Reproduce the data exactly and drop any pictures it holds.

Given material ::
* * * * * * * * *

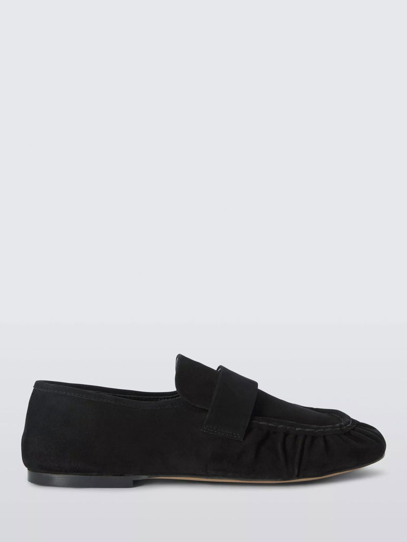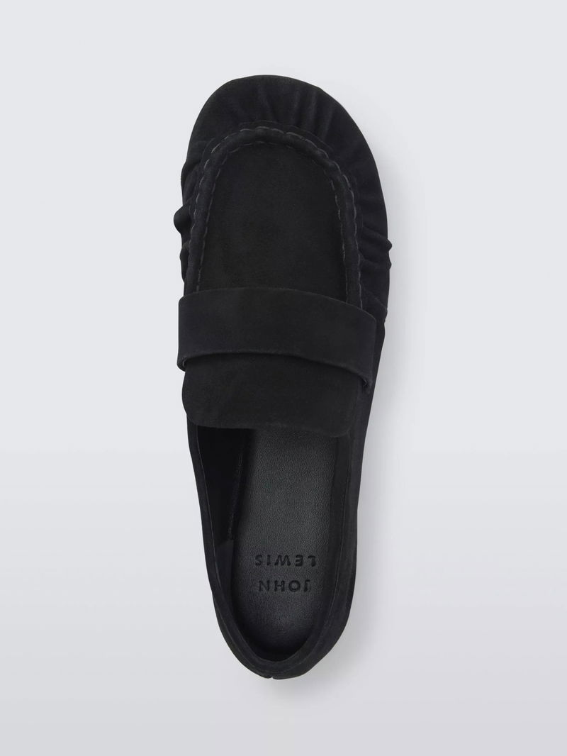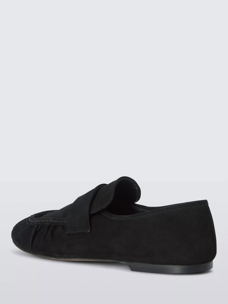Georgie Suede Round Toe Ruched Apron Loafers, Black
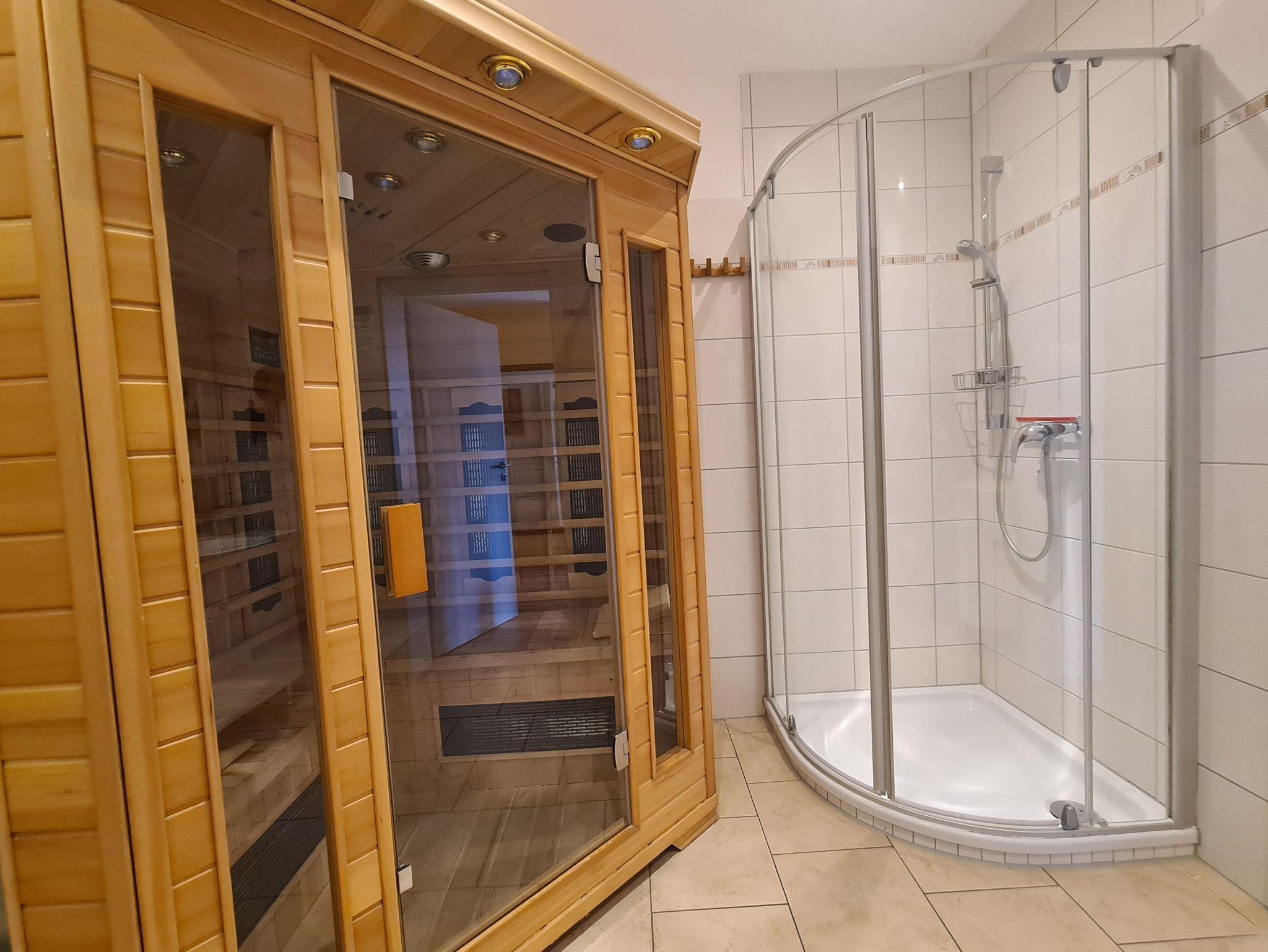 Fußbodenheizung, Infrarotsauna, TV + DVB-T, DVD-Player, Radio mit CD/MP3-Player, Balkonmöbel, Ceranherd, Backofen, Kühlschrank, Tiefkühlfach, Gläser, Geschirr, Besteck
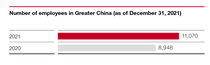 At the end of 2021, BASF employed 11,070 people in Greater China (2020:8,948).

* * * * * * * * *

Task answer ::
Georgie Suede Round Toe Ruched Apron Loafers, Black
 Fußbodenheizung, Infrarotsauna, TV + DVB-T, DVD-Player, Radio mit CD/MP3-Player, Balkonmöbel, Ceranherd, Backofen, Kühlschrank, Tiefkühlfach, Gläser, Geschirr, Besteck
 At the end of 2021, BASF employed 11,070 people in Greater China (2020:8,948).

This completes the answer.